Hello,I have a very similar situation on my project but I could not find a solution yet.Google App Engine's Task Queue has an interesting concept of Task Names: http://code.google.com/appengine/docs/python/taskqueue/overview.html#Task_Names"In addition to a task's contents, you can declare a task's name. Once a task with name N is written, any subsequent attempts to insert a task named N fail"
> I'm willing to implement this feature, but I need some guidelines.
>
> What's the best possible approach? To generate a task UUID using its name and the provided arguments?
>
I agree, it is a great feature, but it's not that easy to accomplish.
If you want to implement something like this:
if not already_sent():
task.apply_async()
then that won't work very well.
AMQP does not support out of order operations to the queue, and for good reason.

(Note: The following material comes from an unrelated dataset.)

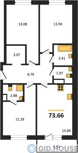 3-комнатная — 73,66 м² 9/9 эт. в Тёплые края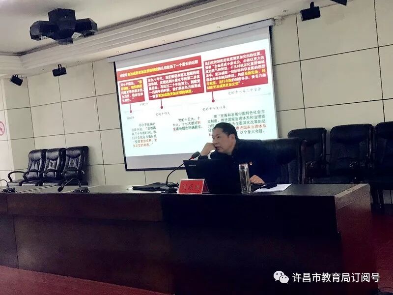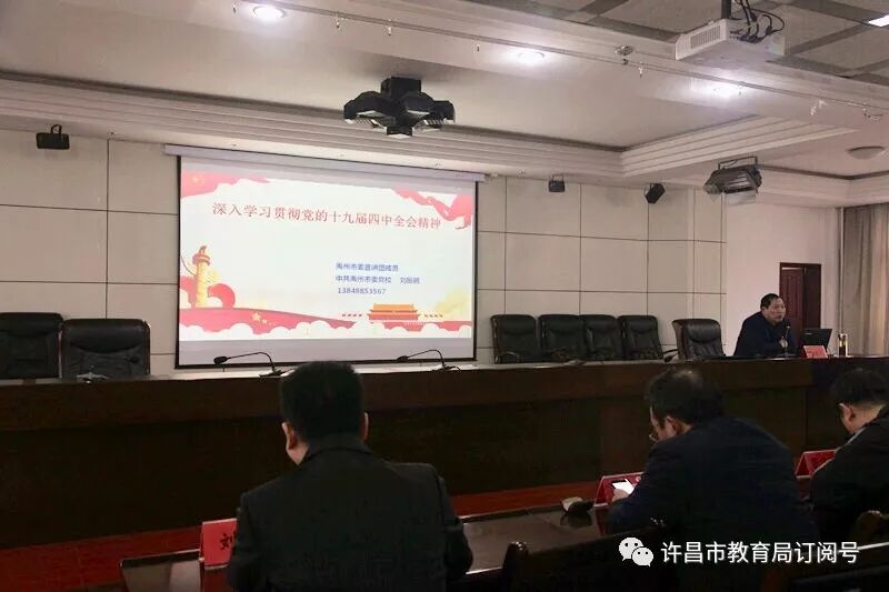 为深入贯彻党的十九届四中全会精神,按照禹州市市委统一安排部署,12月25日上午,禹州市教体局举办学习贯彻党的十九届四中全会精神宣讲报告会。报告会邀请市委第四组宣讲团刘振鹏教授为教体系统进行党的十九届四中全会精神宣讲。禹州市教体局全体班子成员出席报告会,局机关全体成员、各乡镇(办)教育党总支书记、市直学校校长参加报告会。禹州市教体局副局长刘艺主持。

The task may be in the process of being sent, by a client, or by another broker
across the continents, or the task has been taken out of the queue, just not executed
yet.
The solution you want is for the task itself to test if it's already running:
@task
def x():
if already_running():
return
But this requires a distributed mutex, which is easily done using redis (or memcached),
but Celery can't depend on these, so that's why it's not in Celery already.
I have been meaning to add support for it, and my idea has been something like this:
We could have a decorator called @synchronized:
@task
@synchronized()
def mytask():
pass
Implemented like this:
from celery.task import task
from functools import wraps
def synchronized(backend=None):
_backend = [backend]
def _inner(task):
_backend[0] = _backend[0] or task.backend
orig = task.run
@wraps(task.run)
def _syn(*args, **kwargs):
_backend[0].acquire_synlock(task, *args, **kwargs)
try:
return orig(*args, **kwargs)
finally:
_backend[0].release_synlock(task, *args, **kwargs)
task.run = _syn
return task
return _inner
So then any result backend to support the synchronised
decorator must implement the methods acquire_synlock() + release_synlock()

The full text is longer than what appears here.